8 December 2009

What difference does a Revolution make? A Contrast of China and India

The Indian ruling class opened the floodgates of globalized imperialism in 1991, almost fifteen years after China entered the path of capitalism and after the death of Mao Tsetung in 1976. In India, this move has resulted in massive assaults on the working class as well as the peasantry was exposed to the unbridled exploitation and vulnerability characteristic of the phase of Liberalisation-Privatisation-Globalisation (LPG). At the same time, this has also helped in drawing the class contradictions more sharply in the Indian society, thereby intensifying the class struggle manifested throughout the country today. This militant assertion of the masses against the imperialist dictated policies of the Indian government is perceptible in a diversity of ways, with people’s movements breaking out in all corners of the country. The most potent and politically advanced of these movements which has organised and consolidated the worst victims of the state-big corporate-landlord juggernaut has been the Maoist movement in India. While it has been identified by the ruling classes as the ‘biggest internal security threat’ and the biggest hindrance in the way of implementing LPG, the movement has been able to voice the aspirations of the fighting multitude.

This intensifying crucible of resistance is bound to reach new heights as global capitalism is facing its gravest challenge with the deepening of the present economic crisis.

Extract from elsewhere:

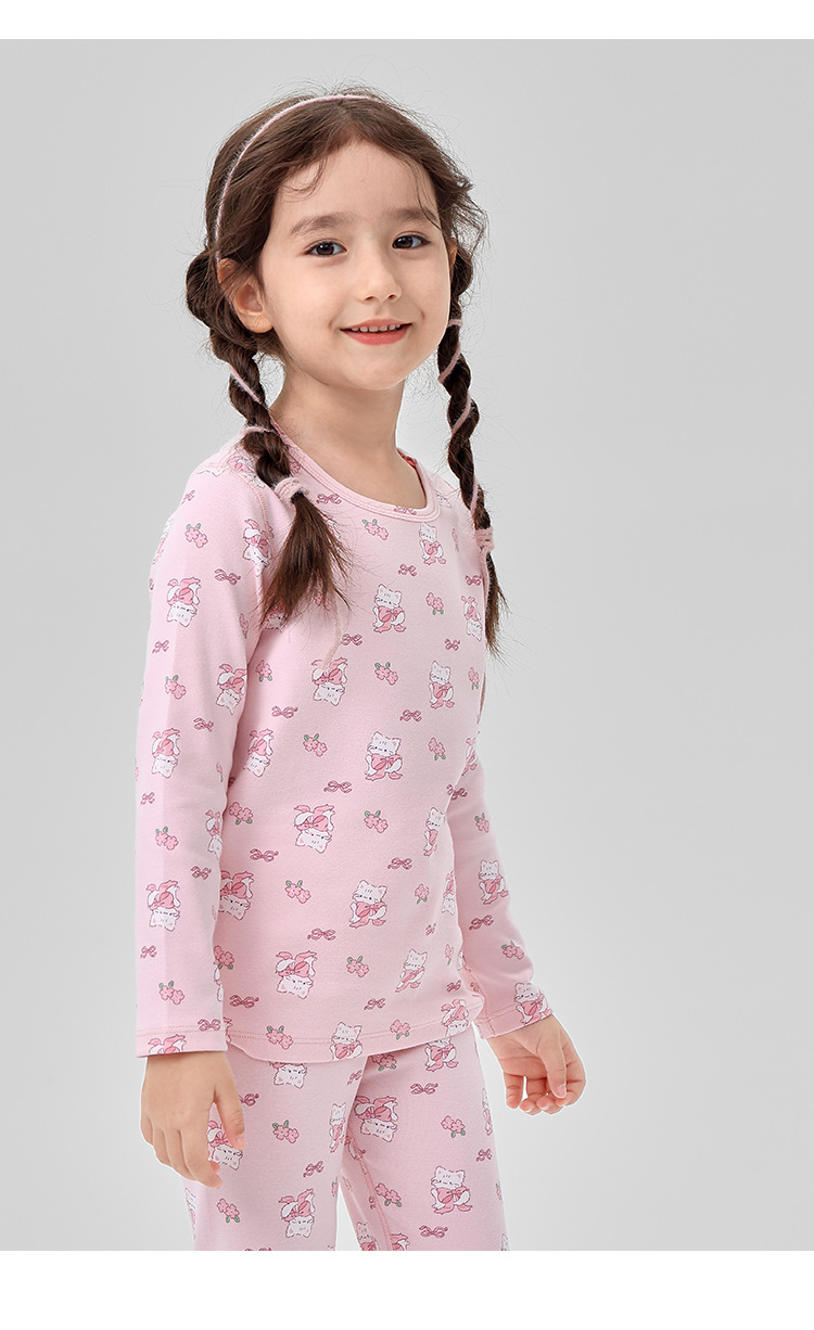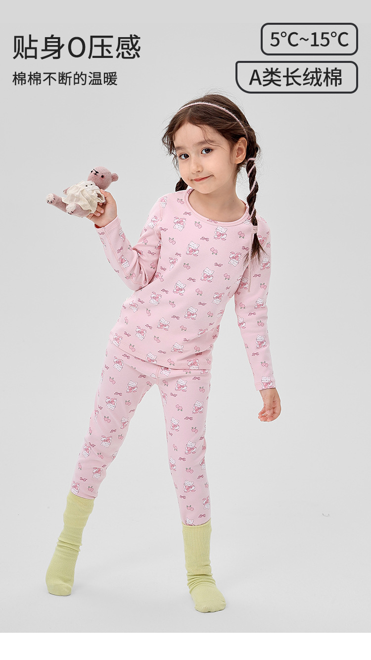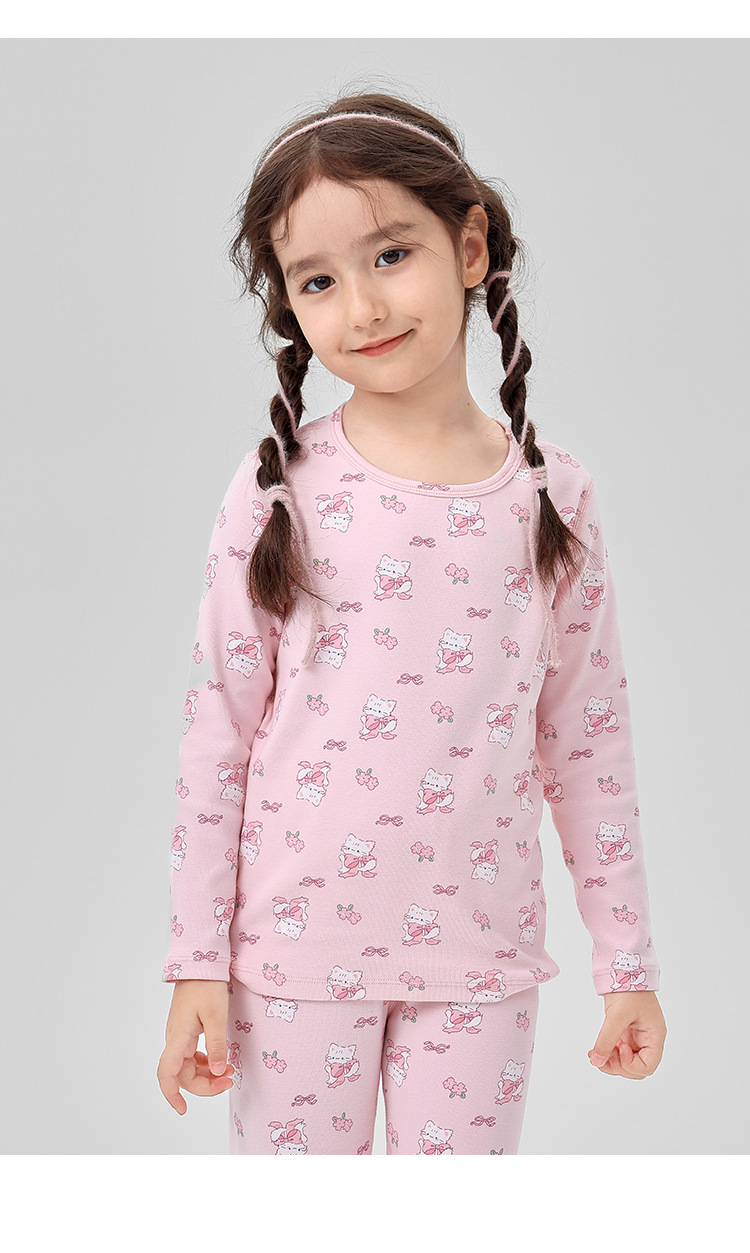 어린이 잠옷 가을과 겨울 새로운 ZYZ 활 고양이 어린이 속옷 세트 클래스 A 울 풀 랙 어린이 홈 옷

As the attempt of the state and big business is to characteristically pass the burden of the crash onto the working class and the peasantry to tide over the crisis, it is also opening up new grounds for the larger unity of the struggling masses across regions and countries, garnering their energies against the repressive states, ruling classes and imperialism. It is this threat from the resilient masses that has forced the Indian state to launch a full-scale offensive the Operation Green Hunt on behalf of the MNCs and to implement the MoUs, in the vast stretches of central and eastern India.

The developments in China after more than three decades of ‘market socialism’ under the aegis of the Communist Party of China have traversed somewhat different trajectory. The revolutionary socialist policies in China that had been carried out under the leadership of Mao has been steadily dismantled over the years by the present ruling class under the garb of ‘Communism with Chinese characteristics’. The set-back of socialism and return to the capitalist Road has left the working class as well as the peasantry in an increasingly precarious situation. This has been manifested in a widening polarization of classes in the Chinese society with workers and peasants at the bottom facing extreme hardships after the breakdown of the communes, collective ownership and the loss of state and political power by the working class. The concentration of wealth and power in the hands of a few who uses their hold in the Communist Party and the state to exploit the growing ranks of the working people has deprived them of their entitlements won during the days of the Great Leap Forward and the Great Proletarian Cultural Revolution. In this regard, the insights provided by the path-breaking works of Professor Robert Weil are very inspiring.

What is most notable in this context is the tendentious but growing assertion and emergence of the revolutionary forces in China and the rising unity of consciousness among the various sections of the working class, the peasantry as also the youth. The Chinese working classes, as Professor Weil shows, has been far from passive in the face of their deteriorating conditions and the loss of rights won over decades through struggle and sacrifice in the socialist revolution. Class conflict and social turmoil have surged to levels not seen for decades. The workers, peasants, and migrants in China today are mounting some of the largest demonstrations anywhere in the world, at times involving tens of thousands.
Much like in India, violent clashes with the authorities is growing in China too, as the state and the ‘Communist’ Party tries to cope with the present economic recession with the same technique of cushioning the capitalists by hitting hardest at the working class. But in spite of the above similarities in the trajectories of the two ‘Asian Giants’, there is something that definitely demarcates the two. And it is in this context that we look into the question as to ‘What difference does a revolution make?’ A significant section of the working class in China as well as the peasantry has the advantage over those in India of actually experiencing and being a part of the rising tide of socialism during Mao’s leadership. They had enjoyed the resultant social security, pride and power that the Great Revolution endowed on the working class. Older workers understand the present historical context and most of them who went through the Mao era and the Cultural Revolution and experienced Mao’s Thought, today wants to bring China back to ‘Mao’s Road’, or Socialism. This experience of a successful Revolution gives them the vantage position to understand more clearly the dynamics of a “two-line struggle,” as a clear demarcation between the socialism of the revolution and the capitalism of the present, which is now coming out primarily from the working classes themselves, and not mainly from the intellectuals.
As the working class in China is increasingly showing the historic maturity to roll back the reactionary reforms of the post-Mao era and re-engaging in a heightened spirit with Maoism, we too, being in largely similar objective conditions must comprehend the significance of and strive towards the building a larger revolutionary unity of the toiling masses as taught by Marx, Lenin and Mao. This is imperative not only for China, but also for India and a larger international struggle to tread the socialist path fighting the onslaught of imperialism.